Not my pen's shown. Dieseldoc


----------



## mmayo (Dec 23, 2019)

This project is working great, but my ability to credit folks is substandard. Rest assured, I appreciate you and your splendid work. 

The troops will love them. 

I’m sure you all are as busy as I am and the stress is substantial. I had a good day with $500 in sales today alone. My lathe and other tools will be busy restocking.


----------



## greenacres2 (Dec 24, 2019)

Dieseldoc said:


> Just to make correction who pen's are shown, they are from Dieseldoc with pride for a great cause.



It only took a glance for me to know they weren't my work!!  Beautiful bunch of pens Doc!!
earl


----------



## mmayo (Dec 24, 2019)

Pens and blanks are in the mail. I still need one address. KeithLong please give me an address


----------



## mmayo (Dec 27, 2019)

All pens and kits have shipped, all will arrive by Monday.  Thanks Keith


----------



## wolf creek knives (Dec 27, 2019)

Mark, you should be getting my pens today or tomorrow.  Shows leaving Bakersfield yesterday.


----------



## PBorowick (Dec 27, 2019)

I ordered my kits yesterday and will have them Monday.  I will be sending them over when they are completed!


----------



## GraiDawg (Dec 27, 2019)

confused me today. got some kits, so turning sunday etc


----------



## EricRN (Dec 29, 2019)

mmayo said:


> I make pens for the troops each year with the Antelope Valley Woodturners Club.  We manage to make fifty pens every year and get them to people in uniform serving our country.
> 
> My idea is to get some help from YOU to do something similar.  Yes, I know you may have done this and may do it again this year, me too.  That said, let’s make 100-120 pens from IAP or at least some of us.  I just bought 120 Nutmeg colored Spectraply pen blanks today to do this project.  I live near Edwards Air Force base, Know a retired colonel from the Air Force, a flight surgeon nurse, a current pilot/instructor and a retired engineer who regularly goes to Edwards.  They will make sure our pens get to the right people on the base.
> 
> ...


Mark,  I’ll send you a couple pens tomorrow.
Eric


----------



## mmayo (Dec 30, 2019)

More pens have arrived and all kits and blanks requested have been shipped. 

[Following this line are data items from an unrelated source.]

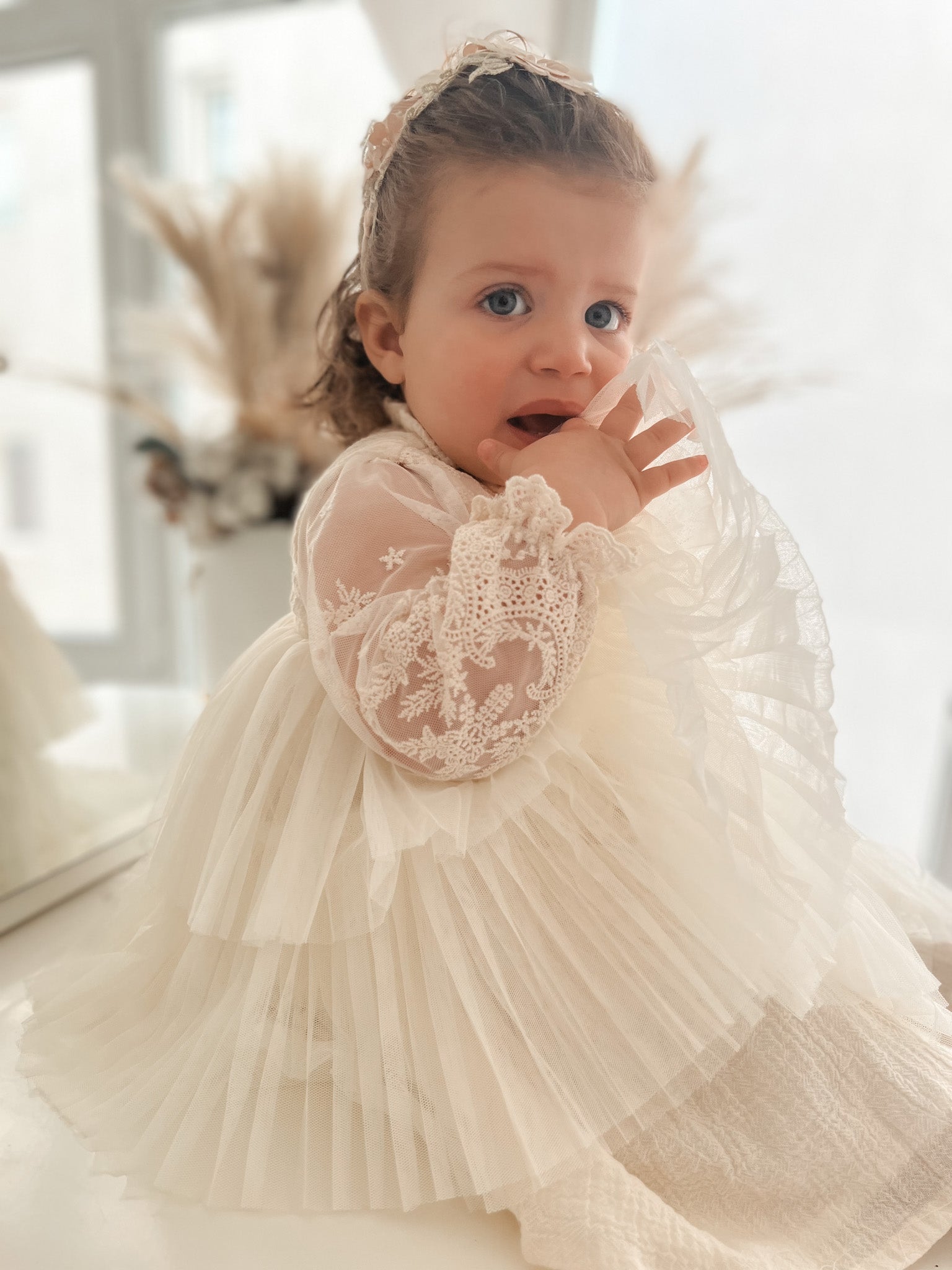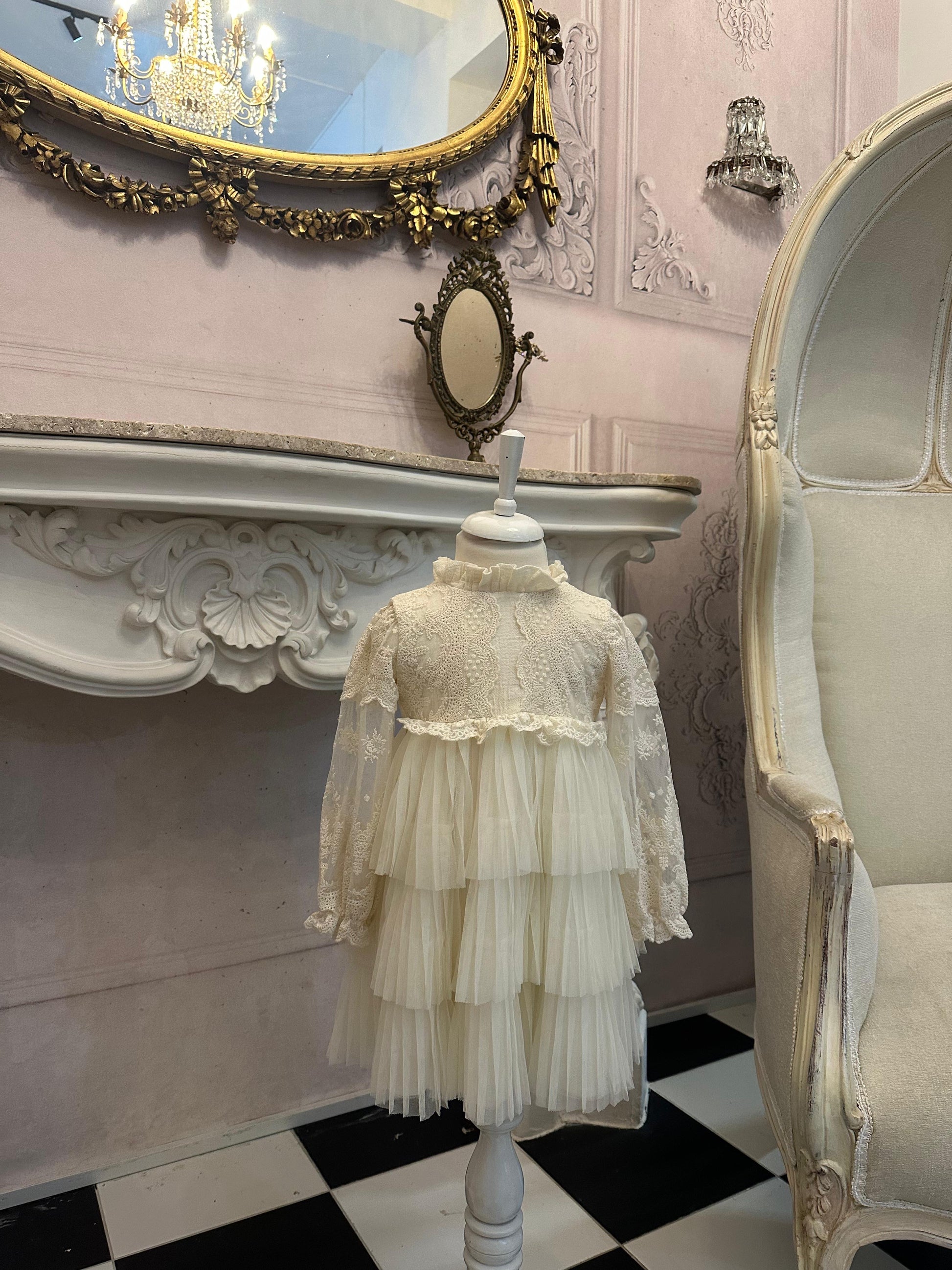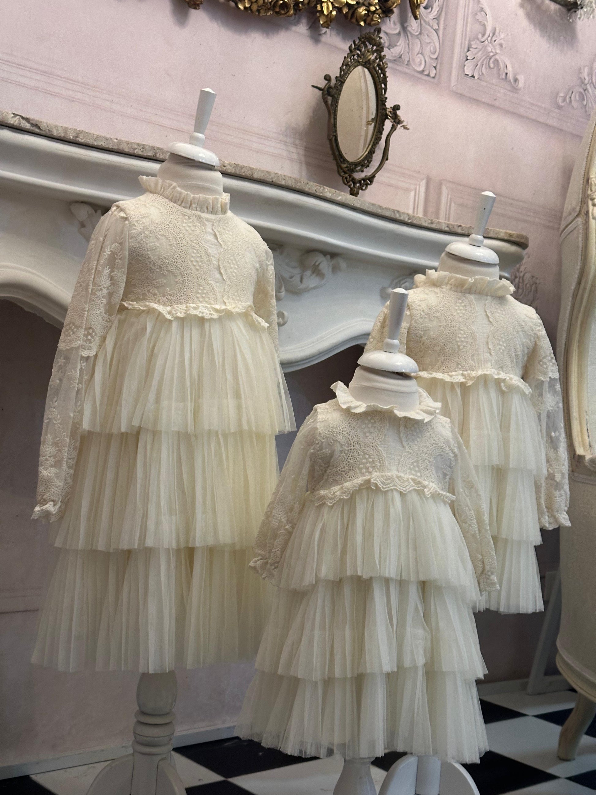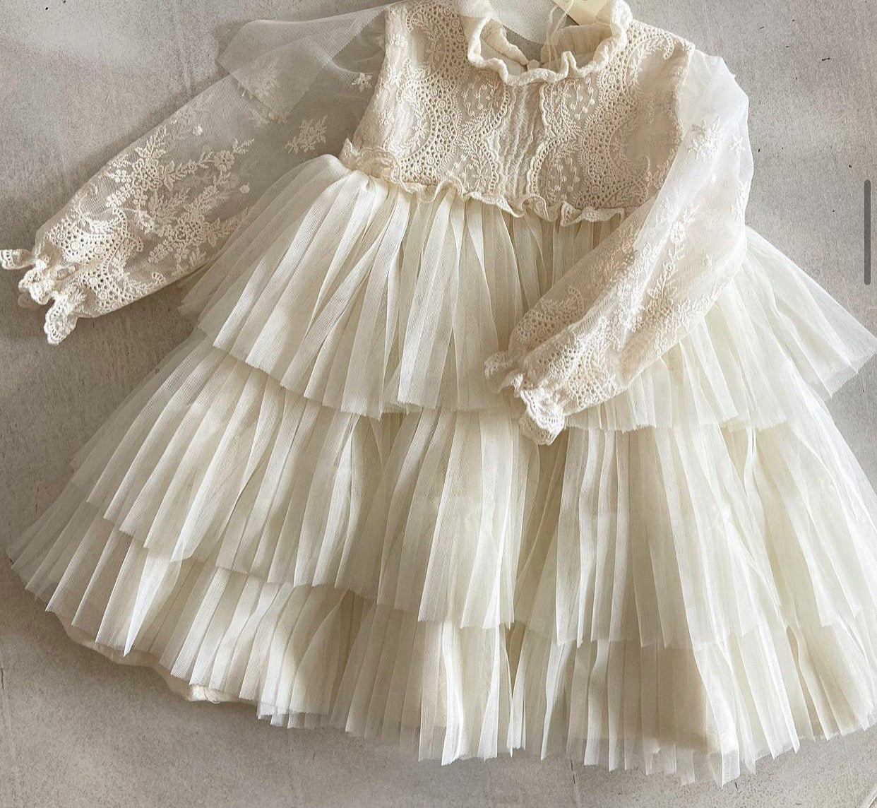 Fustan eventesh me menge te gjata, lino me tantelle dhe tyl francez me pala!
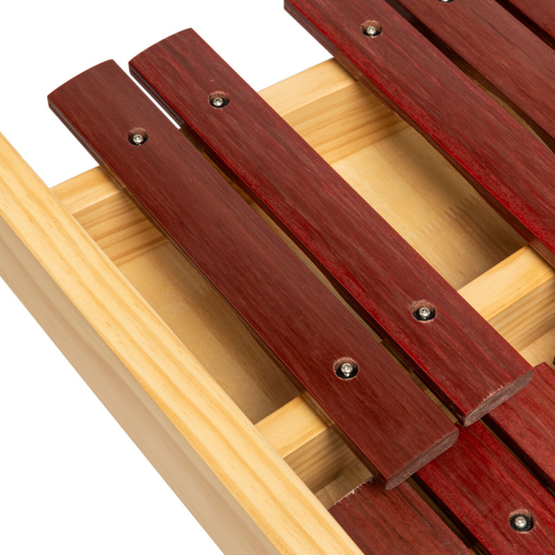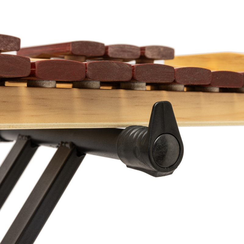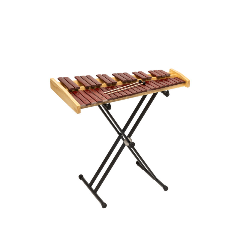 - Tessiture: 3 octaves (Do5 - Do8)- Diapason: La = 442 Hz- Système: Lames fixées par des vis avec panneau inférieur résonant- Matériau: Lames synthétiques avec cadre en bois de finition noire- Dimensions du cadre (L x l x h max.): 102 x 53 x 8 cm- Longueur des lames: 11 - 29 cm- Largeur x hauteur des lames: 38 x 14 mm- Support: Double support réglable en forme de x pour usage intensif- Poids net: 17 kg- Inclus: Paire de mailloches, housse en nylon noir rembourrée avec poignée et courroies dorsales.
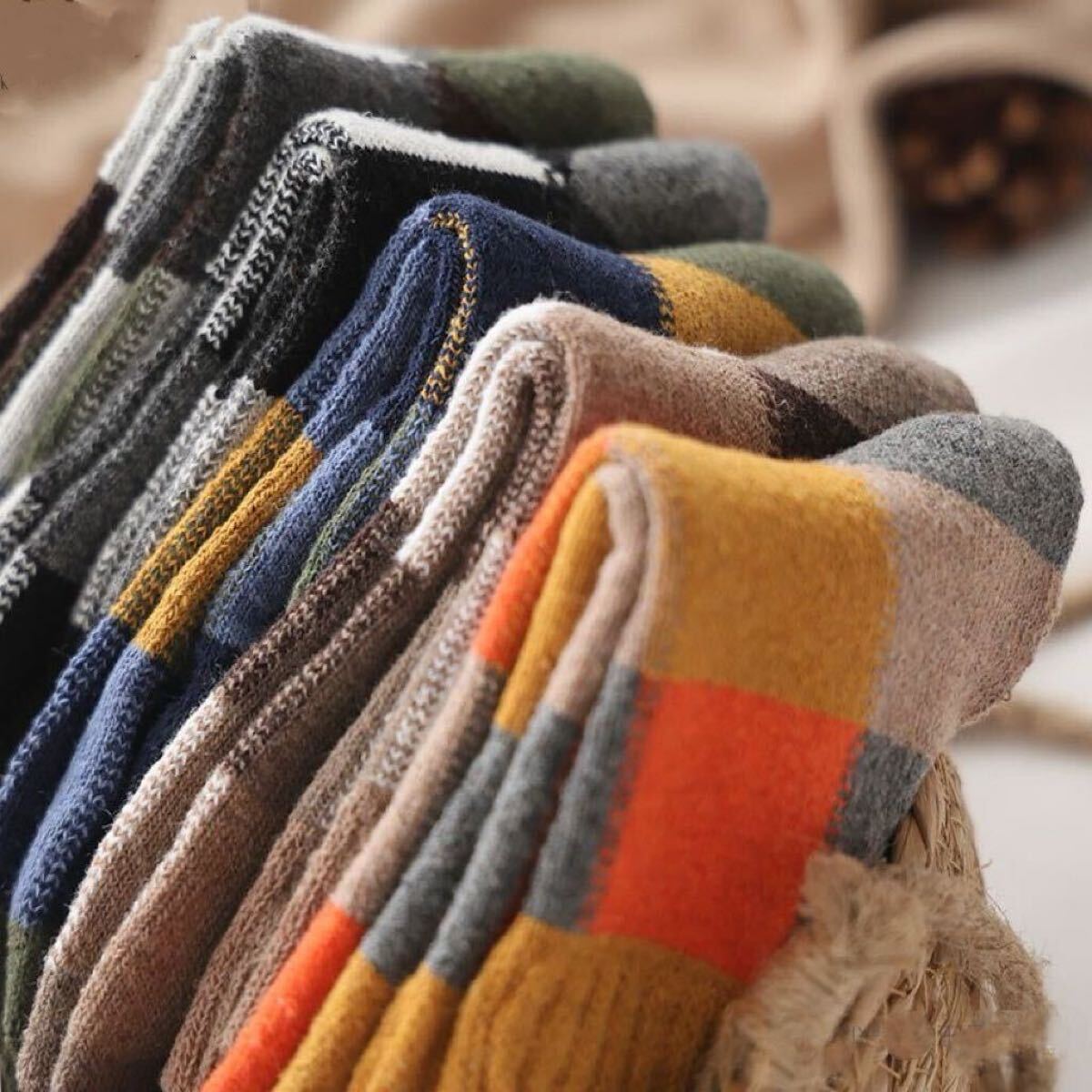 - 北歐風柄 紳士靴下ビジネス 極厚メンズソックス 5足セットウール混 スニーカークルー丈 暖かい厚手冬裏パイル男性靴下 まとめ売り
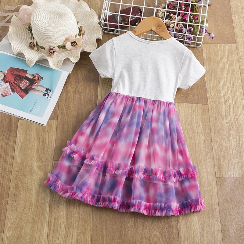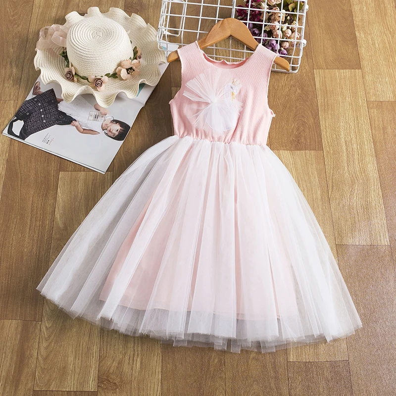 Платье принцессы для девочек с белым лебедем, летние фатиновые плат...
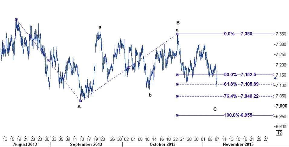 این سطح حمایت بر روی خط فیبوناچی ۶۱٫۸ درصدی از موج نزولی C قرار گرفته است که از سطح ۷۳۵۰ ( بالاترین سطح روز ۲۲ اکتبر) شروع شده است.
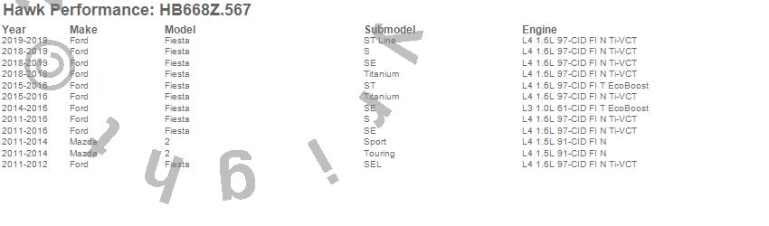 Hawk Performance Disc Brake Pad # HB668Z.567 - Performance Ceramic w/0.567 Thickness
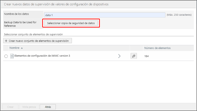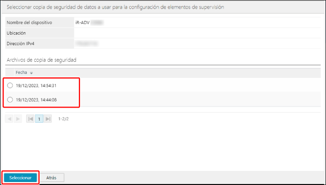 En la página [Seleccionar el dispositivo de copia de seguridad de datos a usar para la configuración de elementos de supervisión], seleccione la copia de seguridad de datos que se va a usar para la supervisión, y haga clic en [Seleccionar].

These were marked “the Bennetts” wolf creek MT. THANKS 

Shortly I promise to rectify any pens sent by correctly giving credit. Stay tuned


----------



## mmayo (Dec 30, 2019)

Correction

These pens were made and donated by Charles Gabriel of Livermore CA. Thanks


----------



## mmayo (Dec 30, 2019)

Correction

These pens were made and donated by Ken


----------



## mmayo (Jan 2, 2020)

My 10 Nutmeg Spectraply are turned and cleaned with DNA. Finish soon and assemble.


----------



## mmayo (Jan 3, 2020)

These pens arrived today from Eric Nitz. The description was: (L-R): Bolivian rosewood/platinum, bloodwood/platinum, vintage cellulose acetate/gunmetal and vintage cellulose acetate platinum. Wonderful stuff. 

Yesterday I confirmed our Edwards Air Force base pilot will handle pen distribution. Only service people will get them. They have about 1,000 pilots and we will make over a hundred of them happy with a great new pen. Thanks to all and keep them coming.


----------



## mmayo (Jan 5, 2020)

The Air Force pilot who agreed to be our distribution contact at Edwards Air Force Bass has asked for a short paper describing how the pen gift came about and I drafted this.  Let me know if you like it and if you are sending pens from a state no listed.

Congratulations 

You have received a pen made just for you by a small group of members in IAP, the International Association of Penturners.  The penturners are from many states around the nation including Ohio, Alabama, Texas, Oregon, Indiana, Michigan, Georgia, California, Montana, Colorado, and New Jersey.  Their only wish is to provide a small thank you for your good work in the Air Force.  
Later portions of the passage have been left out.